Screams have always been a component of Yoko Ono’s artistic practice, but rather than received as an act of communication, the dominant reception has been not to listen. Offering a meditation on the queer dynamics of Asian American grief, this talk lingers in and listens to Ono’s shatter and scream as she mobilizes affective expressions that are at times explosive, and at others depressive, to perform various modes of coming undone, shattering, falling apart, and breaking down. Attending to the place of the scream in Ono’s work, the talk describes the contours of an affective posture that allows a person or people to navigate the recurrently shattering (and often deeply racialized and gendered) effects of loss and grief.

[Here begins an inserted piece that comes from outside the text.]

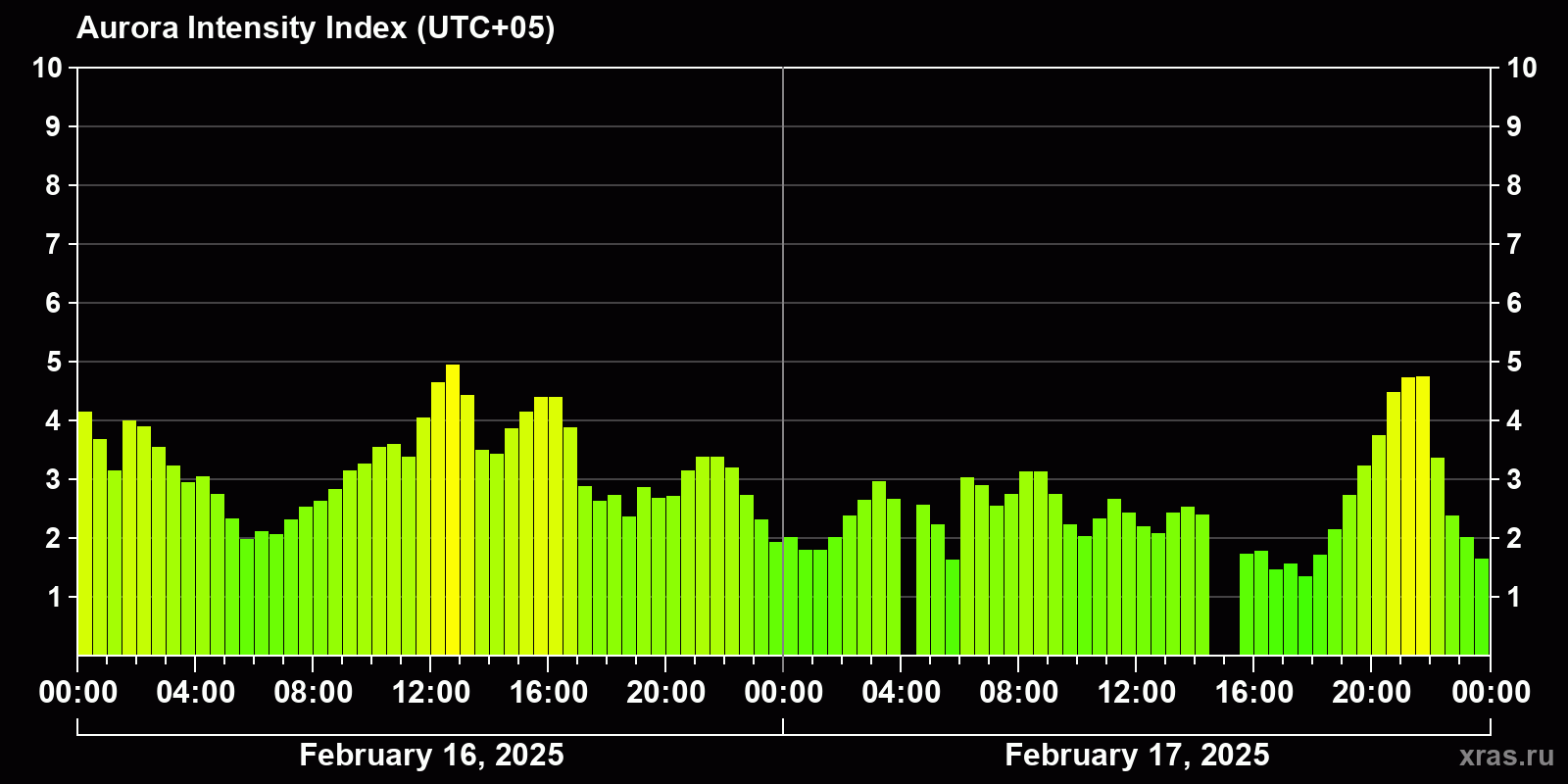 Auroral intensity index and the theoretically possible latitude of observations for nighttime in the Estern Hemisphere as of 2025-02-17 23:53 (end of day) local time
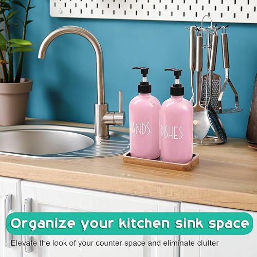 ALELION Glass Dish Soap Dispenser for Kitchen - 16 OZ Hand Soap Dispenser Set with Pump and Acacia Wood Tray - Black White Modern Farmhouse Kitchen Bathroom Decor and Accessories(Pink)

It asks, in other words, how Ono’s performance of the shatter and scream can function as a practice of living-with and working-with grief, shattering, and depression in their deeply racialized and gendered dimensions?

 

For members outside the MIT Community that would like to attend, please register at

https://www.eventbrite.com/e/htc-forumjoshua-chambers-letson-shatter-and-scream-breaking-down-w-yoko-tickets-435737832587

 

The HTC Forum is organized by the 
History, Theory, and Criticism of Architecture and Art
and made possible by the
Lipstadt-Stieber Fund.

Bio

Joshua Chambers-Letson (any pronoun) is Professor of Performance Studies and Asian American Studies at Northwestern University and author of After the Party: A Manifesto for Queer of Color Life (2018) and A Race So Different: Law and Performance in Asian America (2013); co-editor of José Esteban Muñoz’s The Sense of Brown with Tavia Nyong’o and of Frances Ya-Chu Cowhig’s China Trilogy: Three Parables of Global Capital with Christine Moke; and series co-editor of NYU Press’s Sexual Cultures series with Tavia Nyong’o and Ann Pellegrini. JCL is currently at work on a monograph about the art of queer love and loss.